━━ ENTRIES SHOWN ━━

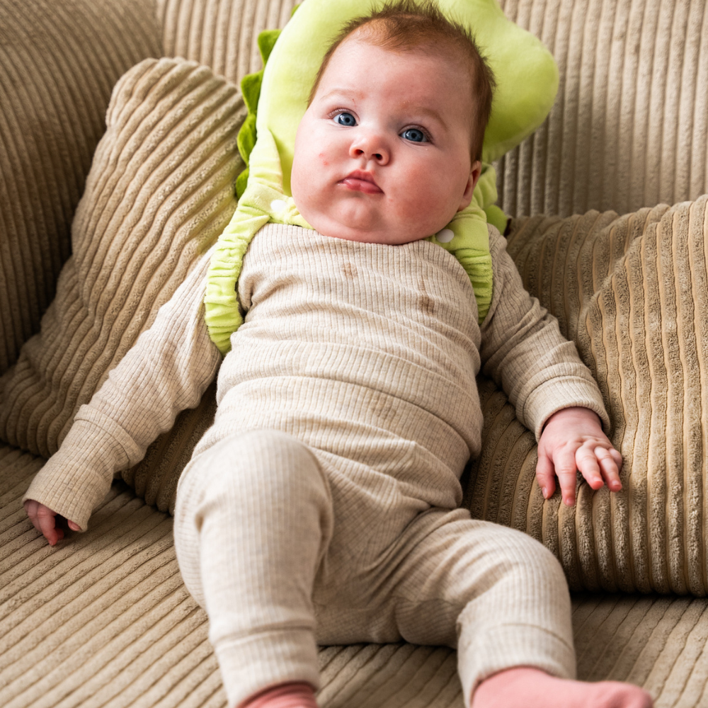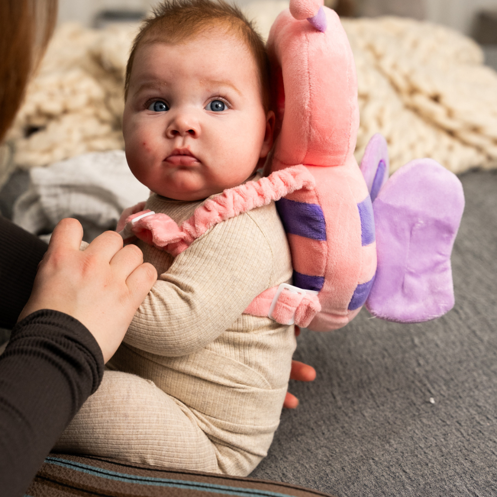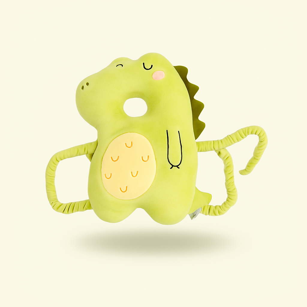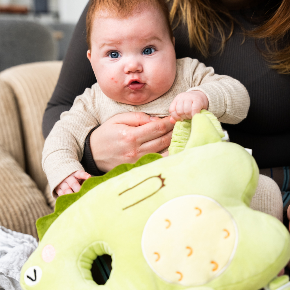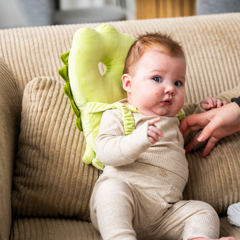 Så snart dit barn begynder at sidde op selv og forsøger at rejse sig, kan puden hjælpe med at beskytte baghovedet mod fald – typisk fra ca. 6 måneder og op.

━━━
━━ ENTRIES SHOWN ━━

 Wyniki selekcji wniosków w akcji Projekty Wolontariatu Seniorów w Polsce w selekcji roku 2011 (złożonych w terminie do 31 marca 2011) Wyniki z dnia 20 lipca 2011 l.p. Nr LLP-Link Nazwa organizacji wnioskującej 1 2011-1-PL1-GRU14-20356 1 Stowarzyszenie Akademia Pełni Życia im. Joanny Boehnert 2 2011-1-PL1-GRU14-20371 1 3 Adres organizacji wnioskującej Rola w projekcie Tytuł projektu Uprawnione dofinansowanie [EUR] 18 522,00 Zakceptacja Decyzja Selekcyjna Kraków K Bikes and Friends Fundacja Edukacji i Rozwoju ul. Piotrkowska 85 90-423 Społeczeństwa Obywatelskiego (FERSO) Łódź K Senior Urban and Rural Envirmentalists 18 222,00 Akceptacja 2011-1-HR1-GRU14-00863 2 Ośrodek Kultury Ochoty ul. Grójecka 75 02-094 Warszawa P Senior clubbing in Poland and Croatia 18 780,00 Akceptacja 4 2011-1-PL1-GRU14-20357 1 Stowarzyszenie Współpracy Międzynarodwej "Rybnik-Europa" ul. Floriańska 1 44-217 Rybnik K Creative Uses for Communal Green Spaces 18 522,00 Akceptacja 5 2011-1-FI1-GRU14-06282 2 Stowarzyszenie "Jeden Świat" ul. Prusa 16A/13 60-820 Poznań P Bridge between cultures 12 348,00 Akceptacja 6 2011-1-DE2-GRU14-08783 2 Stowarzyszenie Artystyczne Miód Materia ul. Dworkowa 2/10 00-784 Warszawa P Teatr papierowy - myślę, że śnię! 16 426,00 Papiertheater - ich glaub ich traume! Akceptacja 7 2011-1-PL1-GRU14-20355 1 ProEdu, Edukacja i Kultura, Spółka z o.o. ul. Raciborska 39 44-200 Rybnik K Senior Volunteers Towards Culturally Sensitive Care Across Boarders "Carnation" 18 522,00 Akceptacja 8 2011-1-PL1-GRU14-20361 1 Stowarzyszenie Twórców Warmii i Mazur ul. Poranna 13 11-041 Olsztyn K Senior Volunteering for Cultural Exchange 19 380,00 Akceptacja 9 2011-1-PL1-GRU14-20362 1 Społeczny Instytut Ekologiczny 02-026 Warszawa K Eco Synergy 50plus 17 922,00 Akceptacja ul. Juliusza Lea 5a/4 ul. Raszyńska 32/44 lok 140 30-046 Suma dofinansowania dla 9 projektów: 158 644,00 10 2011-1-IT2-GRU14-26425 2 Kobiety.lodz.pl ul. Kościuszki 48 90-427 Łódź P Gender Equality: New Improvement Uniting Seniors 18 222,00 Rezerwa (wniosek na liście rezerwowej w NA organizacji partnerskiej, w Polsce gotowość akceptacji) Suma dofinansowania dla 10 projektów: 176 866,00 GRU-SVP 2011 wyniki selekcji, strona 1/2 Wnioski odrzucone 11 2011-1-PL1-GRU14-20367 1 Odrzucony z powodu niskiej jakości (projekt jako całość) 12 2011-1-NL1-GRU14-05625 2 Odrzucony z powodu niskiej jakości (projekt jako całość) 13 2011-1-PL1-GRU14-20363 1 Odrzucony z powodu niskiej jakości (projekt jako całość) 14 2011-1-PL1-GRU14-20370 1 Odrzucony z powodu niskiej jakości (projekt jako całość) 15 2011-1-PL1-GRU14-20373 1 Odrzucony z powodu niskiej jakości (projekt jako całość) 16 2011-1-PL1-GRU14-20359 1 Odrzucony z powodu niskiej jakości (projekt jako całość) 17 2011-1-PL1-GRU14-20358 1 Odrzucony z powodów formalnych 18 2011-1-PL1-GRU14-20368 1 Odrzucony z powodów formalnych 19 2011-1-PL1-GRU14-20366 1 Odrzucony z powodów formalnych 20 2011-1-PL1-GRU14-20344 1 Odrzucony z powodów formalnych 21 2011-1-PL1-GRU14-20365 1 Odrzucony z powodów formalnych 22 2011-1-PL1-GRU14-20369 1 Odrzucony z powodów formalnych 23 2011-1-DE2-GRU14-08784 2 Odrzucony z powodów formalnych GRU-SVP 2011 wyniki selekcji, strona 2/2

━━━
━━ ENTRIES SHOWN ━━

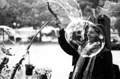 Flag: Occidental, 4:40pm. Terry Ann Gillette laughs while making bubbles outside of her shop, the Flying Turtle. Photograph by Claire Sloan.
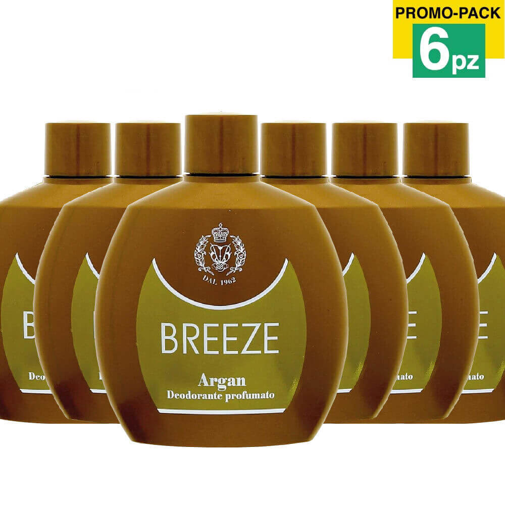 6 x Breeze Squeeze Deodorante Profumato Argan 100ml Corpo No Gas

━━━

• WHAT YOU WILL DO: Return the material from the line containing "Flag: Occidental, 4:40pm." through the line containing "6 x Breeze Squeeze", exactly and in full, but without its pictures.

• TASK RESULT:
 Flag: Occidental, 4:40pm. Terry Ann Gillette laughs while making bubbles outside of her shop, the Flying Turtle. Photograph by Claire Sloan.
 6 x Breeze Squeeze Deodorante Profumato Argan 100ml Corpo No Gas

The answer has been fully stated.